The most common reason for this problem is lack of data homogeneity. In the age of big data, companies are capable of aggregating from many different sources. The problem is that these sources often have very different formats.

The good news is that there are new data standardization tools that minimize the risk of incompatibility. The downside is that organizations without reliable data scientists don’t understand that they need to invest in them. They also don’t realize that incompatible formatting is the reason that it takes so long for queries to be processed.

Incomplete data sets

Incomplete data is another common problem that still plagues organizations in 2019. There is an infinite number of possible reasons that an organization’s data may not be complete. These include:

  • Overly relying on human input. The people that were inputting the data may have failed to provide all necessary elements. In many cases, you can control for this by having form controls that require all fields to be submitted. The problem is that some data might need to be manually inputted. It may not be possible for existing data quality analytics tools to recognize that certain text fields are incomplete. Machine learning should make this easier in the future, but they will probably still be some problems that need to be purged during manual data audits.
  • Data sets may also be incomplete if data is compromised due to technical problems. These issues can stem from malware, incomplete system upgrades or server crashes. Sometimes previous versions of the data can be restored by accessing data archives. Unfortunately, it may not be possible to restore older versions of data without erasing new ones, unless you make sure that the newest copies are backed up first on a new server.
  • This is another data quality problem that human error may be responsible for. Network administrators might have been trying to access certain data sets and unwittingly deleted them or modified them beyond repair.

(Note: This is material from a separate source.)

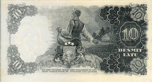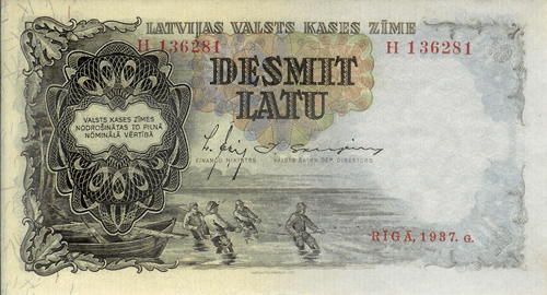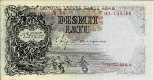 LATVIA P-29b UNC, ND, 1938, 10 LATU, FISHERMAN+NET AT CENTER 75 Front Side Back Side
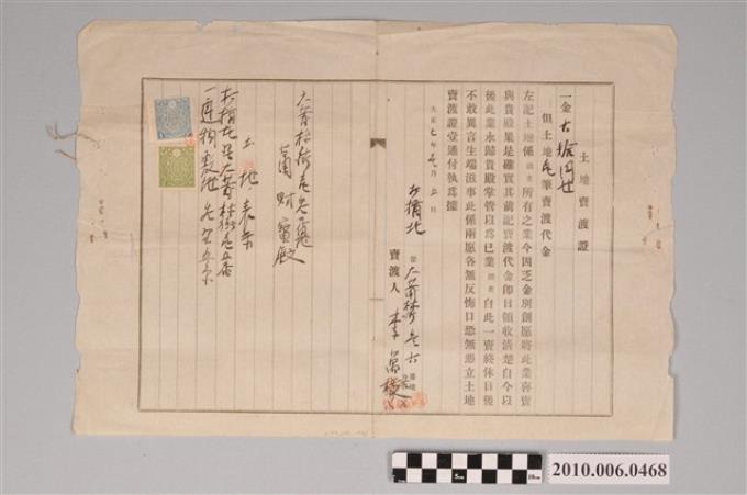 大正7年給李萬居給蕭財寶土地土地買帶證明書

Some of these problems might be addressed by ensuring that it is properly backed up. Data validation is another important measure that should be taken to minimize the risk of incomplete data sets.

Data obsolescence

Data obsolescence is another common problem that doesn’t receive nearly as much attention as it warrants. This type of data is often overlooked because it is actually 100% accurate (or at least it was at the time that it was first stored). The problem is that the data no longer serves a purpose and should be purged from the system.

This may occur when companies have records of clients that they are no longer working with. It might also occur when data was accurately inputted at the time, but important details have since changed.

This is another problem that needs to be diagnosed during data audits. This is something that data scientists need to work with other professionals to do, because they might not have any way of knowing whether certain data is not accurate anymore. They will need to set an expected lifetime for all datasets and make sure that they are updated after that lapses.